PROBLEM TO WORK ON:
Copy out precisely the lines from the start of the data through the line with "Draper James RSVP", and keep pictures out of it.

EXCERPTED RECORDS:
--------------------------------------------------
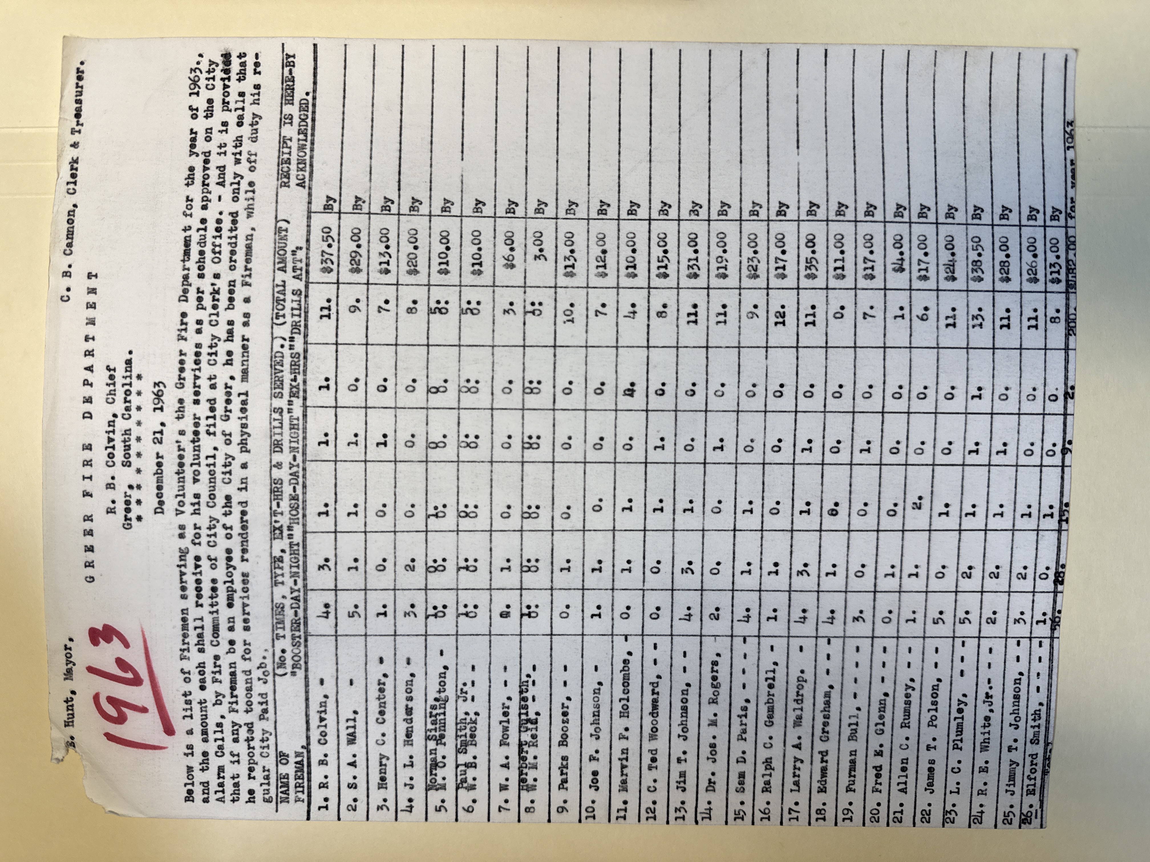 Report with "a list of Firemen serving as Volunteer's in the Greer Fire Department for the year of 1963."
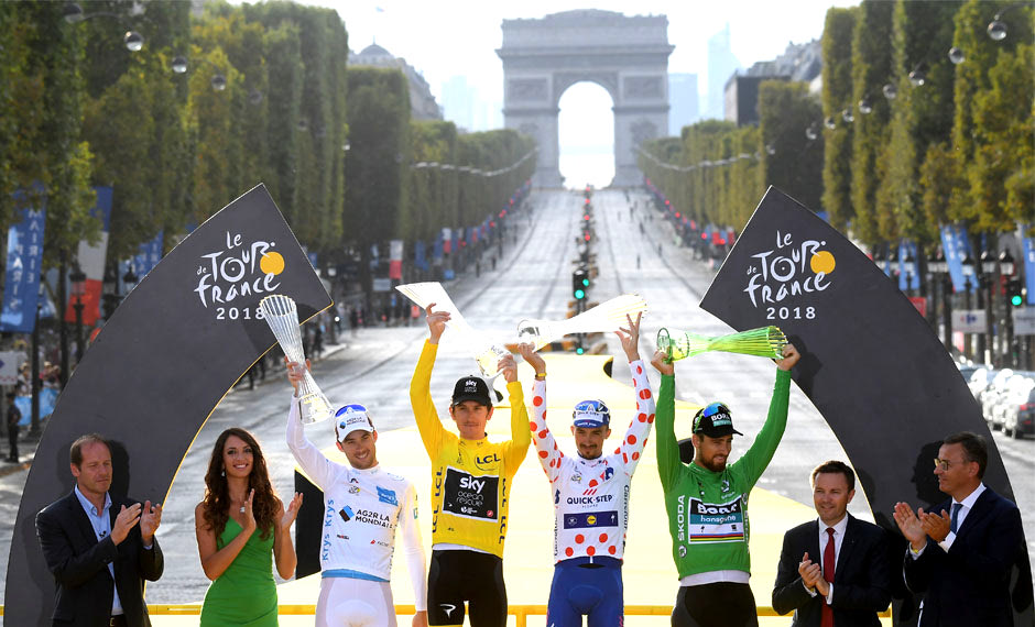 Ο 105ος Γύρος της Γαλλίας ολοκληρώθηκε χθες στο Παρίσι με μεγάλο νικητή τον Γκέρεντ Τόμας της Sky. Στο τελικό βάθρο τον πλαισίωσαν οι Τομ Ντιμουλάν της Sunweb και Κρις Φρουμ της Sky. Ο Πέτερ Σάγκαν (Bora Hansgrohe) πήρε την πράσινη φανέλα των πόντων για έκτη φορά (ισοφαρίζοντας το ρεκόρ του Έρικ Τσάμπελ), ενώ ο Ζουλιάν Αλαφιλίπ (Quick Step Floors) κέρδισε την πουά φανέλα των βουνών. Ο Πιέρ Λατούρ (Ag2r) ήρθε πρώτος στην κατάταξη του καλύτερου νέου αθλητή (λευκή φανέλα) και ο Νταν Μάρτιν (UAE) ψηφίστηκε ως ο πιο μαχητικός αθλητής. Πολυνίκης της διοργάνωσης ήταν ο Πέτερ Σάγκαν (Bora Hansgrohe) με 3 κερδισμένα ετάπ, πολυνίκης ομάδα αναδείχθηκε η Quick Step Floors με 4 κερδισμένα ετάπ και η Movistar κέρδισε την ομαδική κατάταξη. Μετά από 23 μέρες αγώνα, 21 ετάπ και 3.351 χιλιόμετρα, ένας ακόμα Γύρος Γαλλίας έφτασε στο τέλος του και το Sport24.gr σας παρουσιάζει την ανασκόπηση του αγώνα. Η διοργάνωση, οι εντυπώσεις, η εξέλιξη, οι πρωταγωνιστές, οι νικητές.
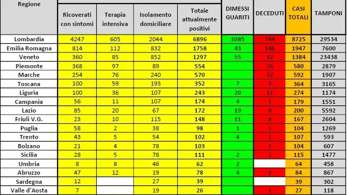 La Protezione civile ha diramato il bollettino legato ai casi di coronavirus in Italia. I contagi complessivi sono adesso 15.113, dei quali 1.258 sono guariti e 1.016 sono deceduti. In questo momento le persone positive al coronavirus in Italia sono 12.839. Rispetto a ieri, i contagi sono aumentati di 2.249 persone; i guariti sono cresciuti di 213 unità; i deceduti di 188. Sono 1.153 i malati in terapia intensiva, 125 in più rispetto a ieri.
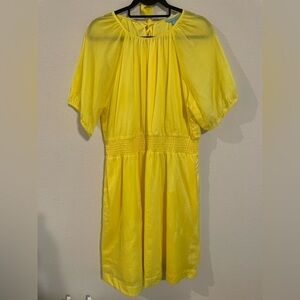 Draper James RSVP Women’s Midi Dress XL Yellow Linen Blend Smocked Waist
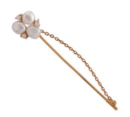 <span class='ref_item'>255 -</span> <span class="object_title">ALFILER EN ORO DE 18 KT. CON DIAMANTES Y PERLAS CULTIVADAS</span>  <p><span class="technical_description">Alfiler largo realizado en oro de 18 kt. con cabeza adornada por tres diamantes en talla brillante con peso total aprox ( 0.05 ct) y tres perlas cultivadas con forma aplanada.<br/>Cierre: Mecanismo de seguridad y cadena<br/>Longitud: 6 cm<br/>Peso: 3 gr</span><br></p>
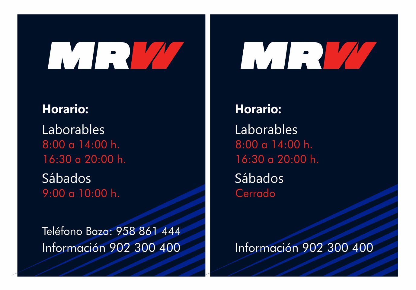 MRW Baza quiere comunicar a todas las empresas, clientes y habitantes en general de nuestras comarcas, que durante este periodo de alerta sigue manteniendo sus instalaciones abiertas en horario habitual de lunes a viernes, de 08:00 a 14:00 h., en horario de mañana, y de 16:30 a 20:00h., en horario de tarde, y los sábados de 9:00 a 10:00h. de la mañana.
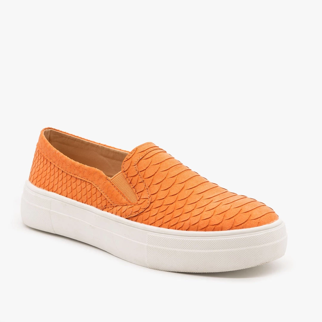 Give your wardrobe a pop of color with these vibrant Mata Shoes Coco-1A sneakers! Crafted with faux leather, these funky sneakers feature an abstract scaly design in bold orange, blue or green. The classic white foxing, rounded toe and simple slip on design balance out the bold colors and patterns, making this shoe the perfect balance between hip and timeless. For a fun everyday look, pair these sneakers with distressed high waisted jeans, a colorful silk top and some gold jewelry! Made with all man-made/vegan materials and runs true to size.
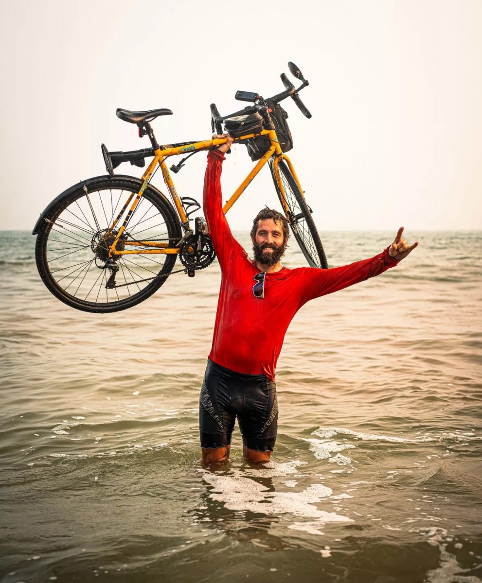 Сильный духом и телом Митч Ханткрафт, девять месяцев вплавь, на велосипеде и бегом добиравшийся до вершины Эвереста от своего дома в Великобритании.
--------------------------------------------------
RESPONSE AREA:
 Report with "a list of Firemen serving as Volunteer's in the Greer Fire Department for the year of 1963."
 Ο 105ος Γύρος της Γαλλίας ολοκληρώθηκε χθες στο Παρίσι με μεγάλο νικητή τον Γκέρεντ Τόμας της Sky. Στο τελικό βάθρο τον πλαισίωσαν οι Τομ Ντιμουλάν της Sunweb και Κρις Φρουμ της Sky. Ο Πέτερ Σάγκαν (Bora Hansgrohe) πήρε την πράσινη φανέλα των πόντων για έκτη φορά (ισοφαρίζοντας το ρεκόρ του Έρικ Τσάμπελ), ενώ ο Ζουλιάν Αλαφιλίπ (Quick Step Floors) κέρδισε την πουά φανέλα των βουνών. Ο Πιέρ Λατούρ (Ag2r) ήρθε πρώτος στην κατάταξη του καλύτερου νέου αθλητή (λευκή φανέλα) και ο Νταν Μάρτιν (UAE) ψηφίστηκε ως ο πιο μαχητικός αθλητής. Πολυνίκης της διοργάνωσης ήταν ο Πέτερ Σάγκαν (Bora Hansgrohe) με 3 κερδισμένα ετάπ, πολυνίκης ομάδα αναδείχθηκε η Quick Step Floors με 4 κερδισμένα ετάπ και η Movistar κέρδισε την ομαδική κατάταξη. Μετά από 23 μέρες αγώνα, 21 ετάπ και 3.351 χιλιόμετρα, ένας ακόμα Γύρος Γαλλίας έφτασε στο τέλος του και το Sport24.gr σας παρουσιάζει την ανασκόπηση του αγώνα. Η διοργάνωση, οι εντυπώσεις, η εξέλιξη, οι πρωταγωνιστές, οι νικητές.
 La Protezione civile ha diramato il bollettino legato ai casi di coronavirus in Italia. I contagi complessivi sono adesso 15.113, dei quali 1.258 sono guariti e 1.016 sono deceduti. In questo momento le persone positive al coronavirus in Italia sono 12.839. Rispetto a ieri, i contagi sono aumentati di 2.249 persone; i guariti sono cresciuti di 213 unità; i deceduti di 188. Sono 1.153 i malati in terapia intensiva, 125 in più rispetto a ieri.
 Draper James RSVP Women’s Midi Dress XL Yellow Linen Blend Smocked Waist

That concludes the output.